I thought this one would be easy. in a sense, it was, though not in the way I thought it would be. In pulling three books from my shelves I thought hadn’t been made into movies, I found that one had, one will be, and one ought to be.
You’d think the classic story of adolescent angst would be the perfect subject for a film, right? Honestly — even a bad one has a ready-made audience of English teachers and their students. And yet there’s no film version of the story.
Or so I thought. Checking at the Internet Movie Database, I came across a film of sorts with the tagline “75 minutes and 6 seconds of pure blue screen. Nothing less and nothing more.” Boy, they weren’t kidding. This gift to cinema is apparently a creation from an absurdist artist who goes by the name Nigel Tomm. He’s apparently created versions of Oedipus Rex, Waiting for Godot and Hamlet.
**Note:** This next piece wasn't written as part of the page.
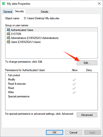 If you get the “Excel file format or file extension is not valid” error due to insufficient permissions, you can try editing the file permissions using the following steps:

Even after viewing his blog (which I haven’t linked to as it’s a bit R- rated), I’m not quite certain if he’s a real person or not.
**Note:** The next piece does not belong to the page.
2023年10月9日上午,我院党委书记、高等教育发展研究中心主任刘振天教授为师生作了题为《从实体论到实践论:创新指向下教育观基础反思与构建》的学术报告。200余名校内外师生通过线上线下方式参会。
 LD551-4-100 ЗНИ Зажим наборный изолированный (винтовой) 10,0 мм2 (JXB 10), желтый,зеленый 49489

Nevertheless, I do think Catcher ought to have a film version. Yet I doubt, somehow, the estate of Mr. Sallinger will ever approve such a work.
Abbey’s book always seemed an obvious one to me. A cult favorite since its publication in 1975, it seemed tailor-made for the screen. Four eccentric characters, fed up with what they see as the exploitative development of the wilderness, begin “monkey-wrenching” development projects by destroying bulldozers, trains and other construction equipment. The book is rumored to have been a major influence on the more activist / destructive side of the environmental movement. So you’d think that a film version would be a good thing, right?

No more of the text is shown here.